§ Data segment
▶

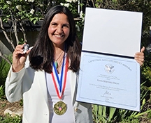 Pictured is Linda Martinez Haley accepting her Presidential Lifetime Achievement Award from President Joseph Biden.
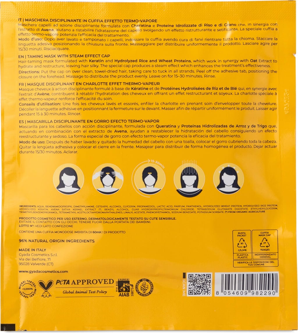 Denna mask med vete- och risproteiner, havrextrakt, keratin och panthenol ger krusigt hår optimal återfuktning och har en tämjande effekt. Detta gör det lättare att kamma utan att tynga ner håret. Dessutom erbjuder masken förbättrad absorption av de aktiva ingredienserna tack vare dess uppvärmningseffekt och därmed intensivvård.
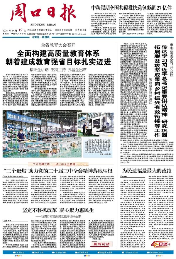 会议强调,要深入学习贯彻习近平总书记在全面推动黄河流域生态保护和高质量发展座谈会上、在甘肃考察时的重要讲话精神,与贯彻落实党的二十大精神和二十届三中全会精神结合起来,与贯彻落实习近平总书记视察河南重要讲话重要指示贯通起来,牢牢把握重在保护、要在治理的战略要求,以进一步全面深化改革为动力,在推进黄河流域生态保护和高质量发展中展现新担当新作为。要结合周口实际逐条逐项抓好贯彻落实,持续深入打好污染防治攻坚战,加强水资源保护,加强防灾减灾宣传教育和常态化、实战化协同动员演练,推动发展方式全面绿色转型,全面深化改革扩大开放,统筹新型城镇化和乡村振兴,保护弘扬黄河文化,为唱好新时代“黄河大合唱”作出积极贡献。要认真学习好、领会好习近平总书记在庆祝全国人民代表大会成立70周年大会上的重要讲话精神,进一步坚定道路自信、理论自信、制度自信、文化自信,坚持好、完善好、运行好人民代表大会制度,深入践行全过程人民民主,坚定落实“四个机关”定位要求,牢牢把握人大工作正确政治方向,做好立法、监督、代表等工作,努力开创人大工作新局面。要深入学习贯彻习近平总书记在全国教育大会上的重要讲话精神,牢牢把握教育的政治属性、人民属性、战略属性,坚定不移走中国特色社会主义教育发展道路,聚焦立德树人根本任务,提升教育公共服务水平,让教育改革发展成果更多更公平惠及人民群众,奋力推动全市教育事业高质量发展。

◀

§ Work order
Reproduce all of the material above word for word. Omit the pictures.

§ Answer to this problem
 Pictured is Linda Martinez Haley accepting her Presidential Lifetime Achievement Award from President Joseph Biden.
 Denna mask med vete- och risproteiner, havrextrakt, keratin och panthenol ger krusigt hår optimal återfuktning och har en tämjande effekt. Detta gör det lättare att kamma utan att tynga ner håret. Dessutom erbjuder masken förbättrad absorption av de aktiva ingredienserna tack vare dess uppvärmningseffekt och därmed intensivvård.
 会议强调,要深入学习贯彻习近平总书记在全面推动黄河流域生态保护和高质量发展座谈会上、在甘肃考察时的重要讲话精神,与贯彻落实党的二十大精神和二十届三中全会精神结合起来,与贯彻落实习近平总书记视察河南重要讲话重要指示贯通起来,牢牢把握重在保护、要在治理的战略要求,以进一步全面深化改革为动力,在推进黄河流域生态保护和高质量发展中展现新担当新作为。要结合周口实际逐条逐项抓好贯彻落实,持续深入打好污染防治攻坚战,加强水资源保护,加强防灾减灾宣传教育和常态化、实战化协同动员演练,推动发展方式全面绿色转型,全面深化改革扩大开放,统筹新型城镇化和乡村振兴,保护弘扬黄河文化,为唱好新时代“黄河大合唱”作出积极贡献。要认真学习好、领会好习近平总书记在庆祝全国人民代表大会成立70周年大会上的重要讲话精神,进一步坚定道路自信、理论自信、制度自信、文化自信,坚持好、完善好、运行好人民代表大会制度,深入践行全过程人民民主,坚定落实“四个机关”定位要求,牢牢把握人大工作正确政治方向,做好立法、监督、代表等工作,努力开创人大工作新局面。要深入学习贯彻习近平总书记在全国教育大会上的重要讲话精神,牢牢把握教育的政治属性、人民属性、战略属性,坚定不移走中国特色社会主义教育发展道路,聚焦立德树人根本任务,提升教育公共服务水平,让教育改革发展成果更多更公平惠及人民群众,奋力推动全市教育事业高质量发展。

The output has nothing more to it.